> Activity
Transcribe only part of the material below: the lines from the one containing "In the full model, the" through the one containing "根据新葡的京集团8814vi", inclusive, exactly as written.

> Recorded information
━━━━━━━━━━━━━━━━

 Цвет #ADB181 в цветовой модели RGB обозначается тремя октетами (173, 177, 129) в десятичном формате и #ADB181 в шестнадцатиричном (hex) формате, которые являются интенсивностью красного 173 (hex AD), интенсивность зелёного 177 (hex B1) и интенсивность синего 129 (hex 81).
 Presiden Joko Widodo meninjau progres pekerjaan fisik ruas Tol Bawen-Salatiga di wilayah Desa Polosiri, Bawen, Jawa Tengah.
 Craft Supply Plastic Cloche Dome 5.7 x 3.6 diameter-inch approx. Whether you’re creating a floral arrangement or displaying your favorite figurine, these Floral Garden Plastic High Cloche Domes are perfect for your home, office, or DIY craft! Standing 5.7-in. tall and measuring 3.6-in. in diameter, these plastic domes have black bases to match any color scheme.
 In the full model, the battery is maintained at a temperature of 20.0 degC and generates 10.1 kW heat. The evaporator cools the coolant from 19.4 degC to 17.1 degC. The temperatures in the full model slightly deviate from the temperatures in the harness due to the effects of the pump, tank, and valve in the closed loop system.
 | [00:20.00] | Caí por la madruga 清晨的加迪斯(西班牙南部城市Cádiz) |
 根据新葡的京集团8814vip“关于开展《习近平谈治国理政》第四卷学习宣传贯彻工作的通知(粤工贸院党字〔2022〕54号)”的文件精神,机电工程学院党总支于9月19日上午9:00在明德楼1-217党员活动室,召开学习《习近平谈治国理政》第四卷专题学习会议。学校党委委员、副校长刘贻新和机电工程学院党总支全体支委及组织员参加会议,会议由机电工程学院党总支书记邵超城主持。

━━━━━━━━━━━━━━━━

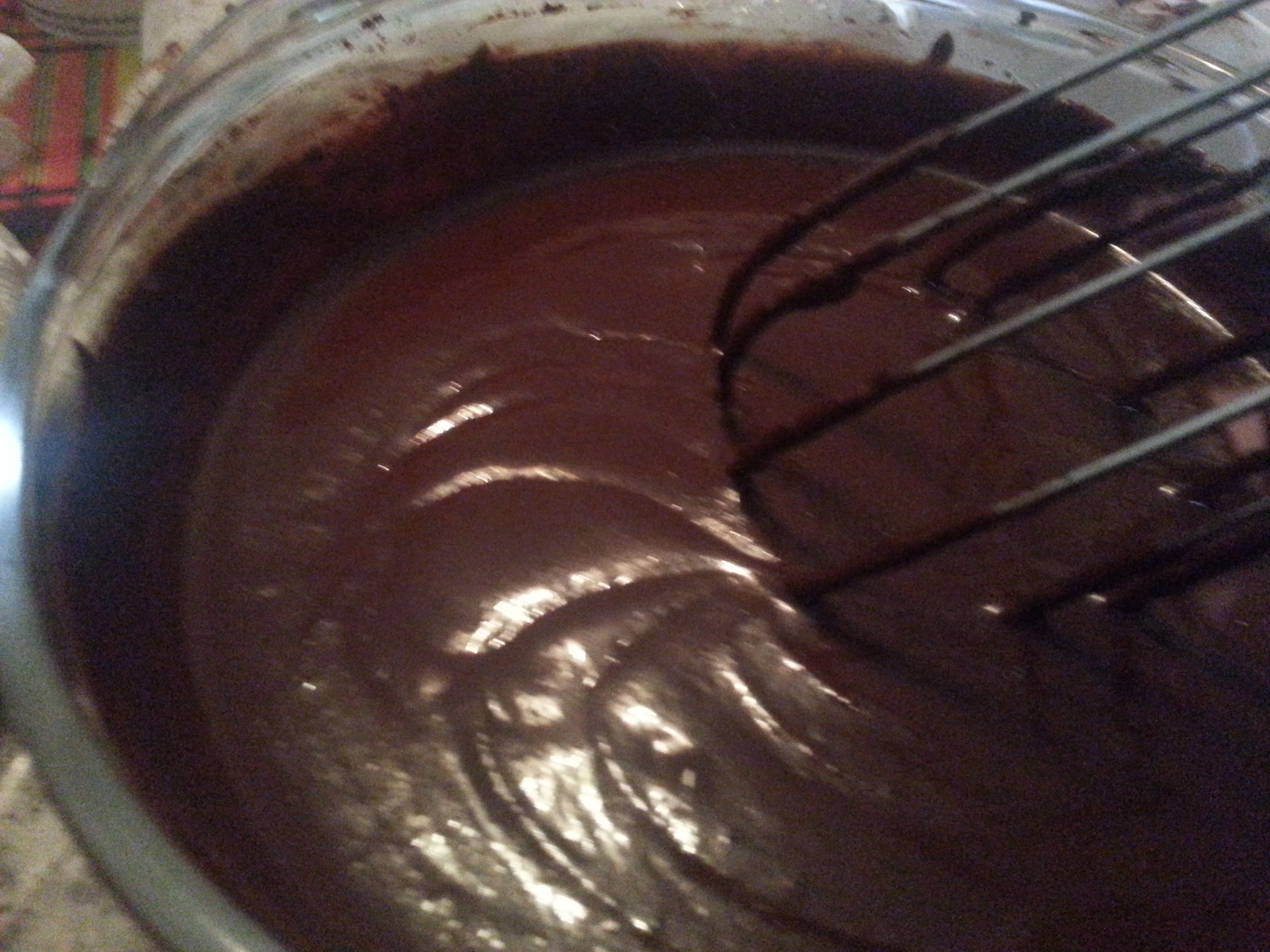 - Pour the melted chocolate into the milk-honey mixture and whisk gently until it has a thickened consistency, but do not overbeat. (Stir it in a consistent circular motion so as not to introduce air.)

━━━━━━━━━━━━━━━━

> Exercise result
 In the full model, the battery is maintained at a temperature of 20.0 degC and generates 10.1 kW heat. The evaporator cools the coolant from 19.4 degC to 17.1 degC. The temperatures in the full model slightly deviate from the temperatures in the harness due to the effects of the pump, tank, and valve in the closed loop system.
 | [00:20.00] | Caí por la madruga 清晨的加迪斯(西班牙南部城市Cádiz) |
 根据新葡的京集团8814vip“关于开展《习近平谈治国理政》第四卷学习宣传贯彻工作的通知(粤工贸院党字〔2022〕54号)”的文件精神,机电工程学院党总支于9月19日上午9:00在明德楼1-217党员活动室,召开学习《习近平谈治国理政》第四卷专题学习会议。学校党委委员、副校长刘贻新和机电工程学院党总支全体支委及组织员参加会议,会议由机电工程学院党总支书记邵超城主持。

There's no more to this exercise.